Leverage is currently elevated after the acquisitions in late 2017 (net debt/EBITDA of 2.5x at the end of 2017), but we expect MedCap’s strong cash flows to support deleveraging and the company could be (net) debt-free as early as 2019, assuming no new acquisitions. For 2018E-22E, we expect accumulated free cash flows of SEK 385m, which should provide ample firepower to fund new targets.
Vast improvment potential ahead
MedCap is currently experiencing positive business momentum, but we still see further improvements ahead in both MedTech and Specialty Pharma. Uptake in the Nordic speciality pharma portfolio is advancing well, aided by new product launches and product reimbursements. However, the portfolio is still far from meeting management’s long-term margin expectations and we suggest that further improvements via the launch of new products are needed before the segment achieves critical mass. We also see scope for improvements and synergy extraction from the two latest acquisitions within MedTech.

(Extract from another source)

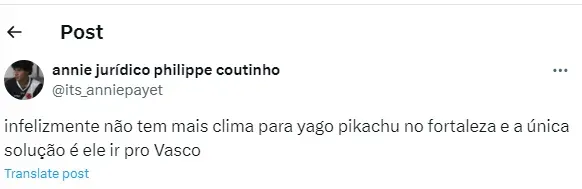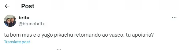 Isso porque, depois dos torcedores verem Yago Pikachu triste ao ser derrotado pelo Almirante, a torcida vascaína agiu rápido e tratou de convidar o jogador para atuar no Gigante da Colina. Sendo assim, os seguintes comentários estão bombando na web (SIC).

Few clouds on the horizon – Updated 14 May
Profitable growth in Q1
MedCap reported Q1 net sales of SEK 183m, beating our estimate by 3%, which represented 30% growth compared with the same period last year. The strong growth lifted EBITDA to SEK 22m, which was an improvement of 47% compared with last year. The results were generally in line with our estimate and the higher profit y/y was fuelled by improvements in Specialty Pharma and MedTech.
Further improvment potential ahead
MedCap’s business momentum is currently positive, but we still see further improvements ahead for both MedTech and Specialty Pharma. As the report was largely in line with our expectations, we make only minor adjustments to our sales and earnings estimates.
Updated 26 February
Solid delivery in core segments
MedCap reported Q3 2018/17 (Nov-Dec) net sales of SEK 147m, compared to SEK 138m for the same period last year. Its core businesses, MedTech and Specialty Pharma, reported sales of SEK 120m, implying 36% y/y growth. Profitability improved significantly, with EBITDA of SEK 11.6m in the quarter, suggesting a y/y improvement of 356%.
Valuation and estimate changes
We update our model to reflect the new reporting structure, the acquisition of Strässle and raised expectations for Specialty Pharma, thanks to its positive trend over the past quarters. In addition, we lower our cost of capital assumption as the dismantling of Pharma Trading has structurally lowered MedCap’s future earnings volatility. Based on a discounted cash flow approach (DCF) and a weighted average cost of capital of 7.4-8.6%, we derive a new equity value per share between SEK 79 and SEK 92.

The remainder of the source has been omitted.